Just some brief notes/examples to act as basics stats reminders.
Example - LOTP/LOTE
Assume the following true joint distribution for some outcome \(Y\) and its distribution conditional on sex, smoking and vegetarianism.
Code
set.seed (1 )
d_tru <- CJ (sex = 0 : 1 , smk = 0 : 1 , veg = 0 : 1 )
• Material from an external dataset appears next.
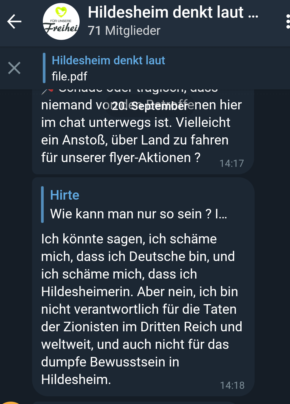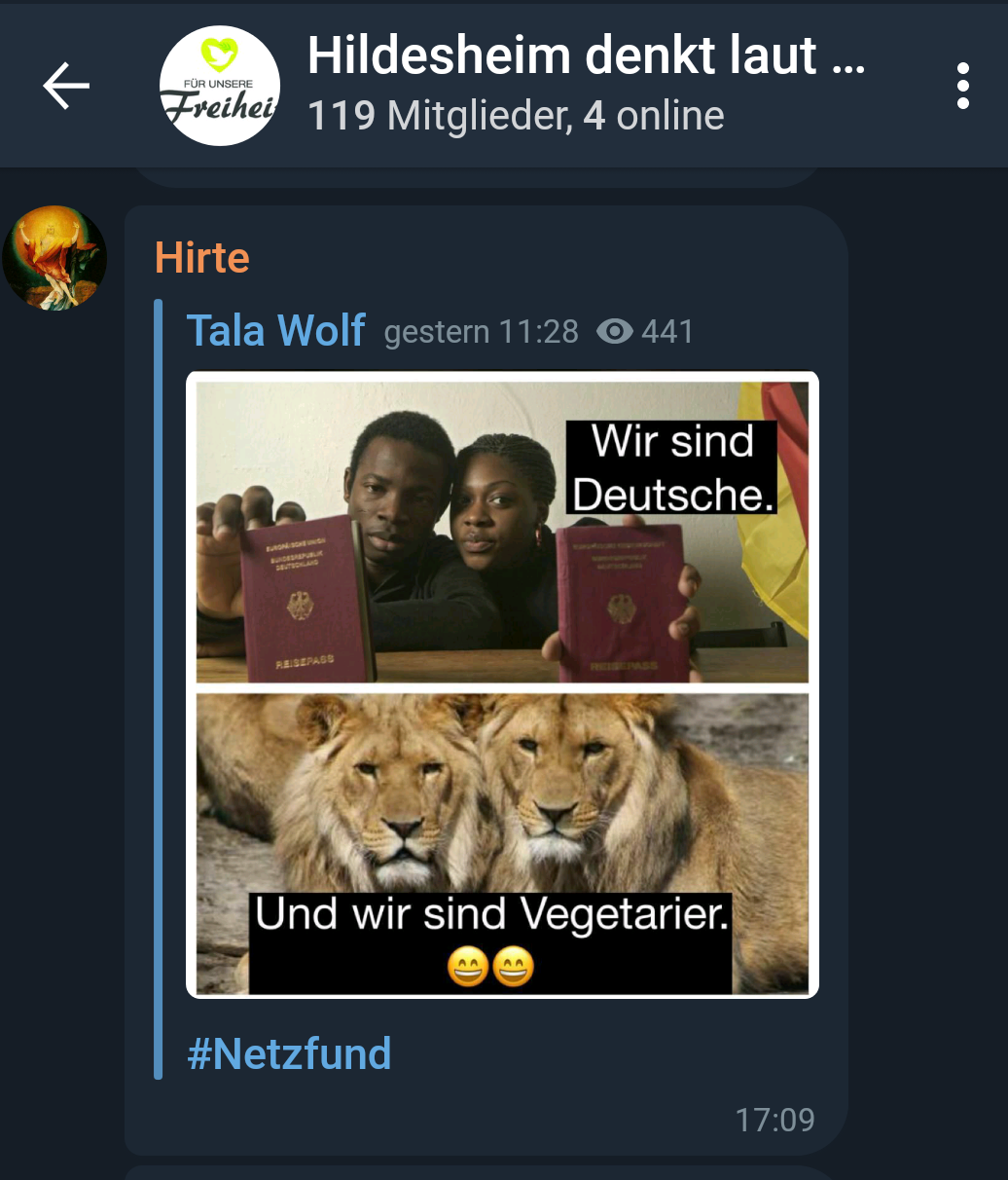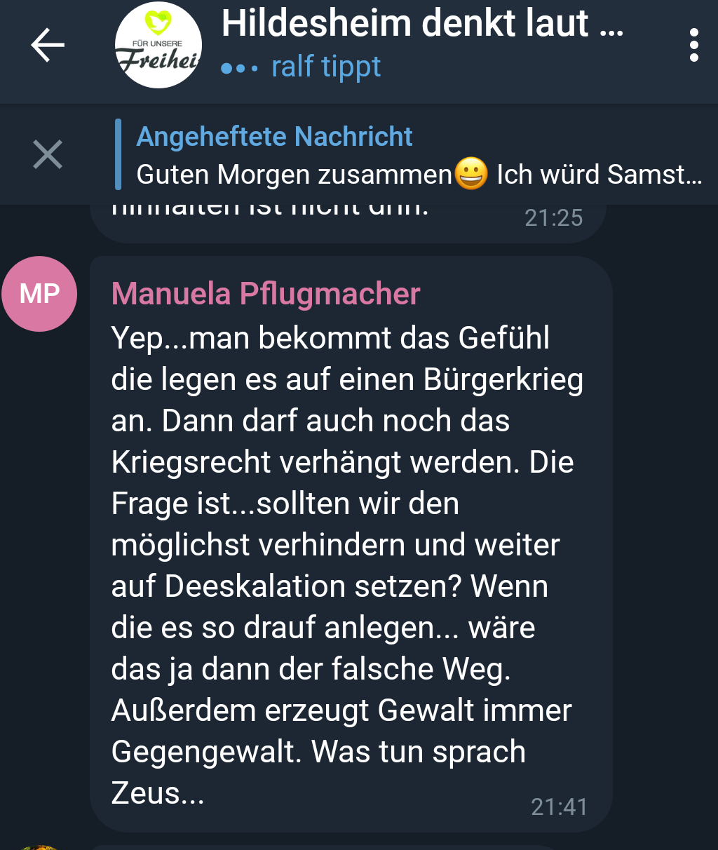 Die Gruppe hat eine gefestigte und funktionierende Orgastruktur und eine Infrastruktur mit Fahrzeugen, Schildern, Kameras und Propaganda, die es ihnen ermöglicht weiterhin ihren Aktivitäten nachzugehen. Seit Beginn der Querdenken Bewegung in Hildesheim im Jahr 2020 haben sich die Teilnehmer*innen immer weiter radikalisiert. Mittlerweile finden sich hier eindeutig nicht mehr nur rechte, sondern klar rechtsextreme Inhalte sowohl in internen Telegramgruppen als auch auf ihren Demonstrationen. Immer wieder laufen auch organisierte Neonazis bei den Aufmärschen in Hildesheim mit.

g <- function (sex, smk, veg){
- 1 + 2 * sex - 1 * smk + 3 * veg +
- 1 * sex * smk - 3 * sex * veg + 1 * smk * veg +
0.5 * sex * smk * veg
}
# probability of group membership
q <- rnorm (nrow (d_tru))
d_tru[, p_grp : = exp (q)/ sum (exp (q))]
# probability of outcome
d_tru[, p_y : = plogis (g (sex,smk,veg))]
d_tru
Key: <sex, smk, veg>
sex smk veg p_grp p_y
<int> <int> <int> <num> <num>
1: 0 0 0 0.04225019 0.2689414
2: 0 0 1 0.09498377 0.8807971
3: 0 1 0 0.03427561 0.1192029
4: 0 1 1 0.38968687 0.8807971
5: 1 0 0 0.10989996 0.7310586
6: 1 0 1 0.03479920 0.7310586
7: 1 1 0 0.12870098 0.2689414
8: 1 1 1 0.16540341 0.6224593
Take a random sample from the population:
Code
n <- 1e7
i <- sample (1 : nrow (d_tru), n, T, prob = d_tru$ p_grp)
d <- d_tru[i]
d[, y : = rbinom (.N, 1 , p_y)]
Recover the distribution of the covariates (the p_grp
)
Code
# recover distribution of covariates
d[, .(.N/ nrow (d)), keyby = .(sex, smk, veg)]
Key: <sex, smk, veg>
sex smk veg V1
<int> <int> <int> <num>
1: 0 0 0 0.0421805
2: 0 0 1 0.0950815
3: 0 1 0 0.0343139
4: 0 1 1 0.3898065
5: 1 0 0 0.1096864
6: 1 0 1 0.0348148
7: 1 1 0 0.1288739
8: 1 1 1 0.1652425
Recover the joint distribution of the outcome (the p_y
)
Code
# recover distribution of outcome
d[, .(mu_y = mean (y)), keyby = .(sex, smk, veg)]
Key: <sex, smk, veg>
sex smk veg mu_y
<int> <int> <int> <num>
1: 0 0 0 0.2693899
2: 0 0 1 0.8812230
3: 0 1 0 0.1189314
4: 0 1 1 0.8805292
5: 1 0 0 0.7309010
6: 1 0 1 0.7311000
7: 1 1 0 0.2692407
8: 1 1 1 0.6217244
Estimate the probability of outcome by sex
Code
d[, .(mu_y = mean (y)), keyby = sex]
Key: <sex>
sex mu_y
<int> <num>
1: 0 0.7881758
2: 1 0.5541419
We are interested in \(\mathbb{E}[y | sex]\) . Can we get to this via iterated expectation/LOTE?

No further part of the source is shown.